I calculated the RMSE to measure the accuracy of the forecast.

This is the standard measure in time series.

In [90]:
dates_2025 = pd.date_range(start="2025-01-01 00:00", end="2025-12-31 23:30", freq="30min")
df_2025 = pd.DataFrame({'DateTime': dates_2025})

Building all half-hours of 2025.

To provide continuous year-round forecasting.

In [91]:
df_2025['half_hour_index'] = df_2025['DateTime'].dt.hour * 2 + (df_2025['DateTime'].dt.minute >= 30).astype(int)
df_2025['hour'] = df_2025['DateTime'].dt.hour

df_2025['day_of_week'] = df_2025['DateTime'].dt.dayofweek
df_2025['month'] = df_2025['DateTime'].dt.month
df_2025['is_weekend'] = df_2025['day_of_week'].isin([5,6]).astype(int)

In [92]:
import numpy as np

# Retrieve the latest values ​​needed for lags and rolling
last_2024 = data.tail(336).copy()  # pour lag_336 et rolling_336

# Create empty columns for 2025
for col in ['lag_1','lag_2','lag_48','lag_336','rolling_2','rolling_4','rolling_48','rolling_336']:
    df_2025[col] = np.nan

In [93]:
# Convert to list for quick access
prev_values = list(data['SMP_NIS_per_MWh'].tail(336))

for i in range(len(df_2025)):
    # lag_1, lag_2
    df_2025.loc[i, 'lag_1'] = prev_values[-1]
    df_2025.loc[i, 'lag_2'] = prev_values[-2]

    # lag_48 and lag_336
    df_2025.loc[i, 'lag_48'] = prev_values[-48]
    df_2025.loc[i, 'lag_336'] = prev_values[-336]

    # rolling_2, rolling_4, rolling_48, rolling_336
    df_2025.loc[i, 'rolling_2'] = np.mean(prev_values[-2:])
    df_2025.loc[i, 'rolling_4'] = np.mean(prev_values[-4:])
    df_2025.loc[i, 'rolling_48'] = np.mean(prev_values[-48:])
    df_2025.loc[i, 'rolling_336'] = np.mean(prev_values[-336:])

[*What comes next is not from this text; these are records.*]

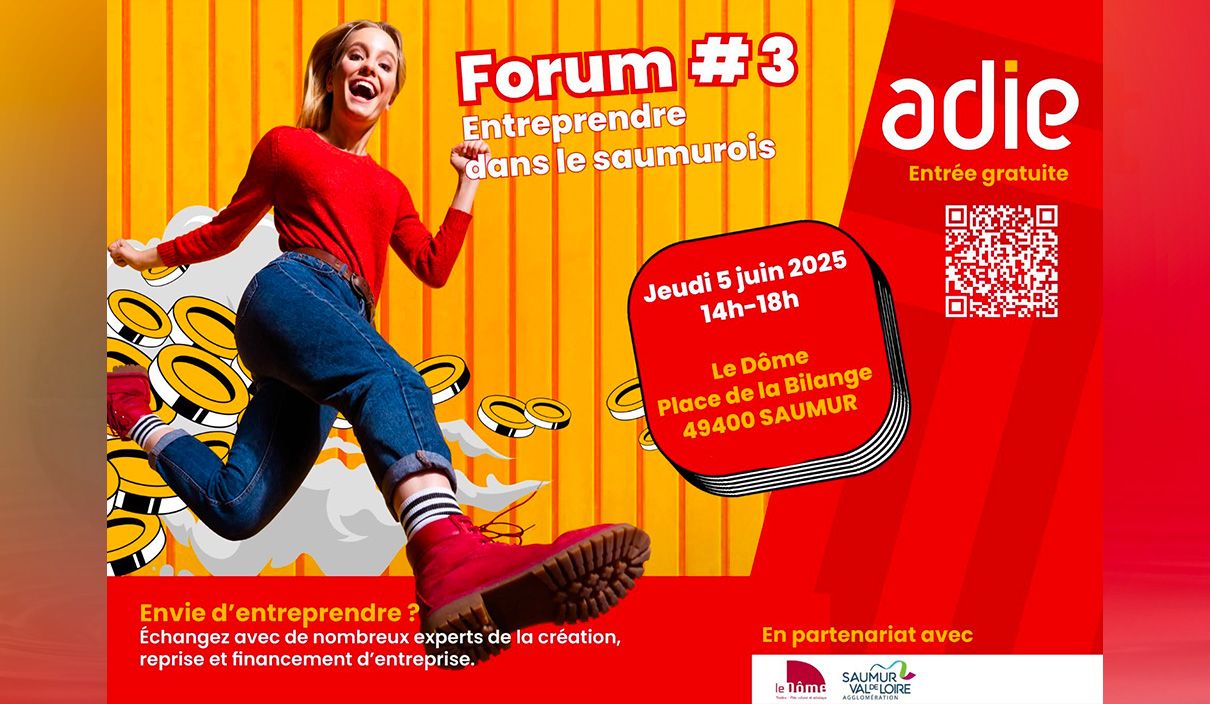L’ADIE (Association pour le Droit à l'Initiative Économique), en partenariat avec la Communauté d’Agglomération Saumur Val de Loire, organise la troisième édition du forum "Entreprendre dans le Saumurois" le jeudi 5 juin 2025 de 14h à 18h, au Théâtre le Dôme à Saumur.
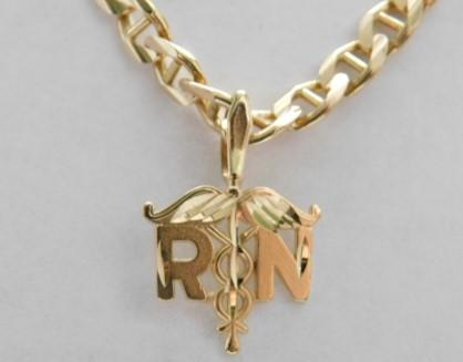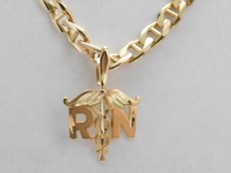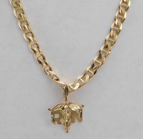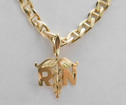 14 KT Gold Registered Nurse Pendant on 14KT Gold 20" Mariner Link Chain 14grams
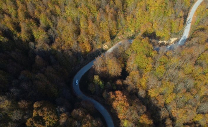 Güz renkleri arasında yolculuk yapma imkanı da sunan ormanlardaki sonbahar güzelliği, dronla da görüntülendi. DÜZCE (AA)
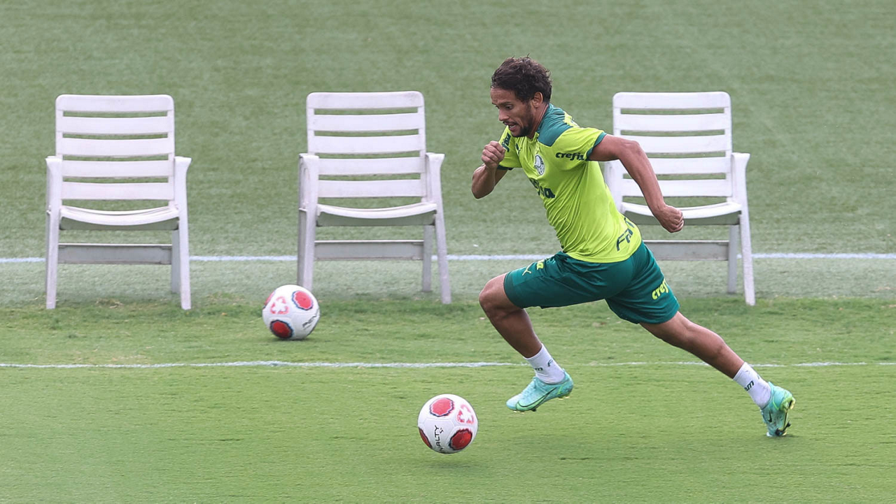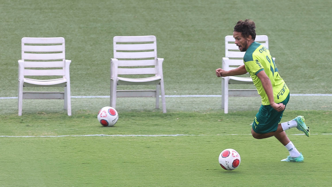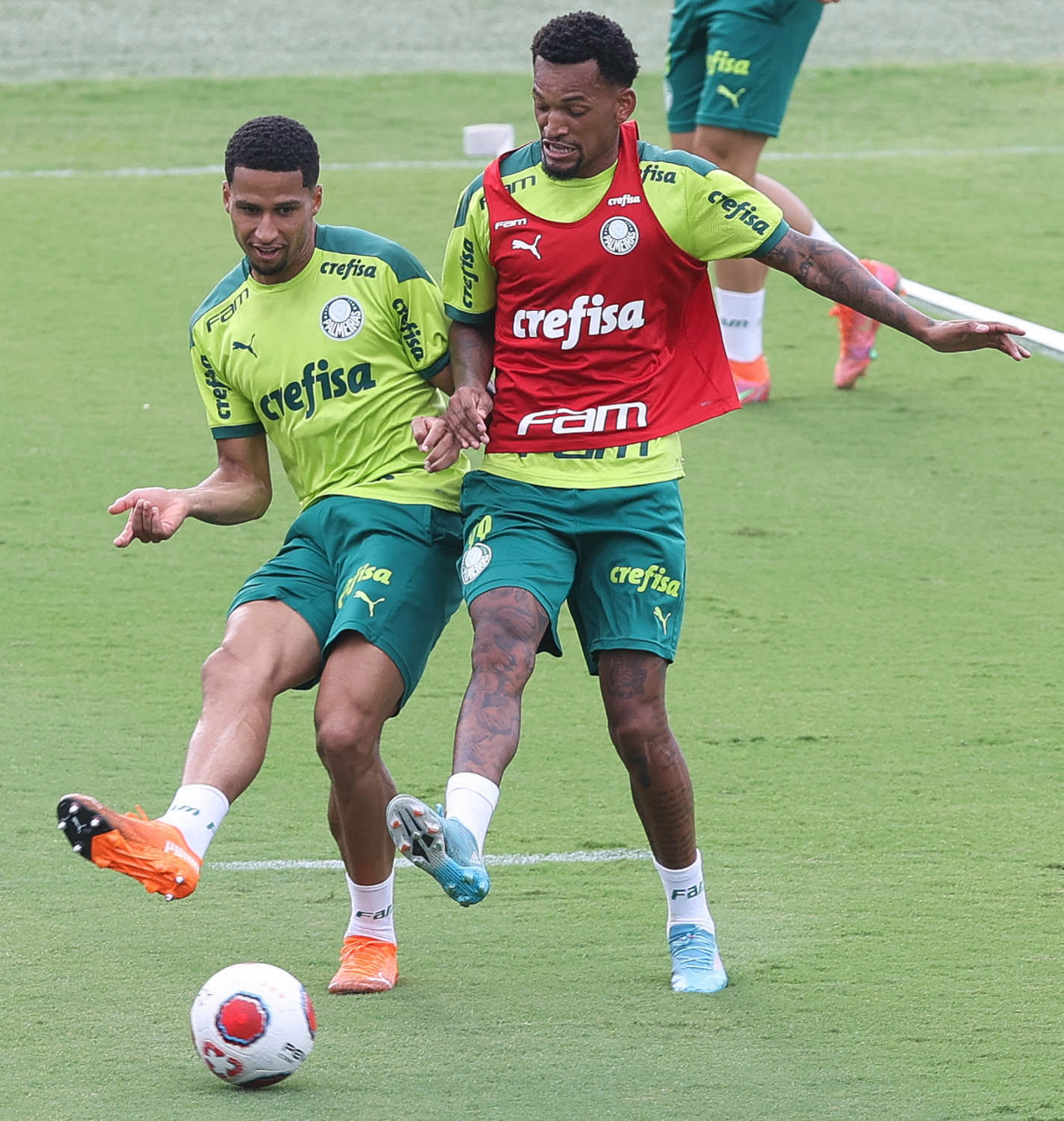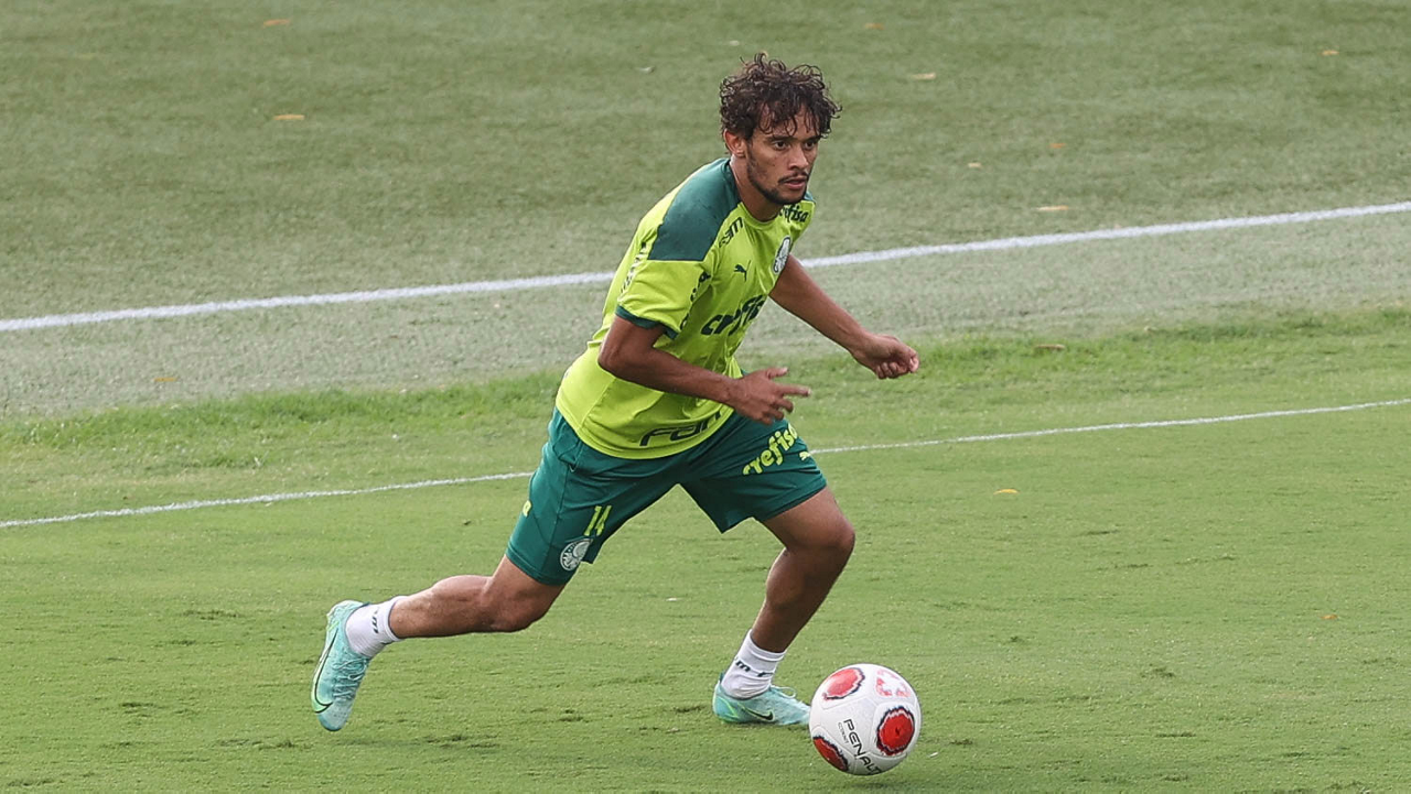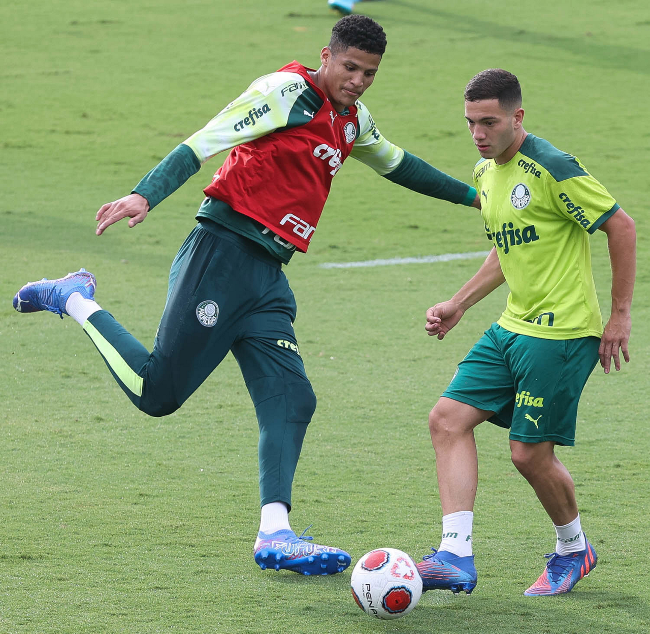 Os jogadores Lucas Freitas, Raphael Veiga, Marcos Rocha, Gabriel Veron, Naves, Mateus, Eduard Atuesta (E/D em pé) e Breno Lopes, Gabriel Silva, Dudu, Mayke, Jailson, Garcia, Marcelo Lomba e Rony (E/D agachados), da SE Palmeiras, durante treinamento, na Academia de Futebol. (Foto: Cesar Greco)
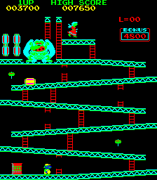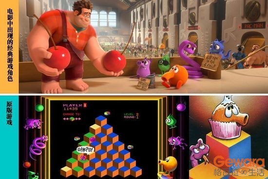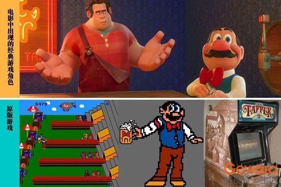 开头中的游戏《Fix-it Felix》(快手阿修)是80年代早期风格的街机游戏,二维还不带卷轴,相当古典啊~ 这个游戏我查过是虚构的,全为游戏故事设定而设计。要找一个同期最有名的类似游戏,大概算是《Crazy Kong》(后来的FC移植作相信很多人都玩过《大金刚》,里面也出现了玛丽哥)。不过当年机房里此类游戏的画面绝对算不上惊艳,比电影里的画面差多了。因为采用Z80处理器的游戏主板最多也就呈现32位色了。

    # predict SMP for this line
    features = df_2025.loc[i, ['half_hour_index','day_of_week','month','is_weekend',
                           'lag_1','lag_2','lag_48','lag_336',
                           'rolling_2','rolling_4','rolling_48','rolling_336']].values.reshape(1,-1)

    pred = model.predict(features)[0]
    df_2025.loc[i, 'Predicted_SMP'] = pred

    # Add the prediction to prev_values ​​for future iterations
    prev_values.append(pred)

In the loop I used each prediction to create the next lag.

Because in 2025 there are no real past values ​​— only what the model predicts.

This is an autoregressive forecasting method.

In [94]:
df_2025['semester'] = df_2025['DateTime'].dt.month.apply(lambda x: 1 if x <= 6 else 2)


I divided the year into semesters and calculated the averages.


That's  what the question asked.

In [95]:
semester_avg = df_2025.groupby('semester')['Predicted_SMP'].mean().reset_index()
semester_avg.rename(columns={'Predicted_SMP':'Average_SMP'}, inplace=True)
print(semester_avg)

   semester  Average_SMP
0         1   163.644531
1         2   176.019226


In [96]:
semester_avg.to_excel("Predicted_SMP_2025_Semester.xlsx", index=False)


**Summary:**

I built time features to capture seasonality.

I added lags to give the model memory of past values.

I added rolling to capture short and long-term trends.

I trained an XGBoost model on the 2024 data.

I applied autoregressive forecasting to all of 2025.

I produced a semi-annual average — as requested in the question.


**Additional data to consider:**

Temperature data: Hourly or daily temperatures, as electricity demand is strongly influenced by weather conditions (heating/cooling needs).

Electricity consumption data: Historical and real-time consumption patterns to capture demand fluctuations.

Solar and wind production data: Generation from renewable sources, since these directly affect supply availability.

Gas prices: Market prices for natural gas, which impact marginal production costs and therefore electricity prices.

Special days / events: Holidays, public events, or abnormal days that can significantly alter typical demand patterns.

Grid/network data: Information on network constraints, outages, or transmission capacity that could affect supply-demand balance and prices.

Including these external variables would allow the model to better capture the real-world drivers of electricity price and consumption variations.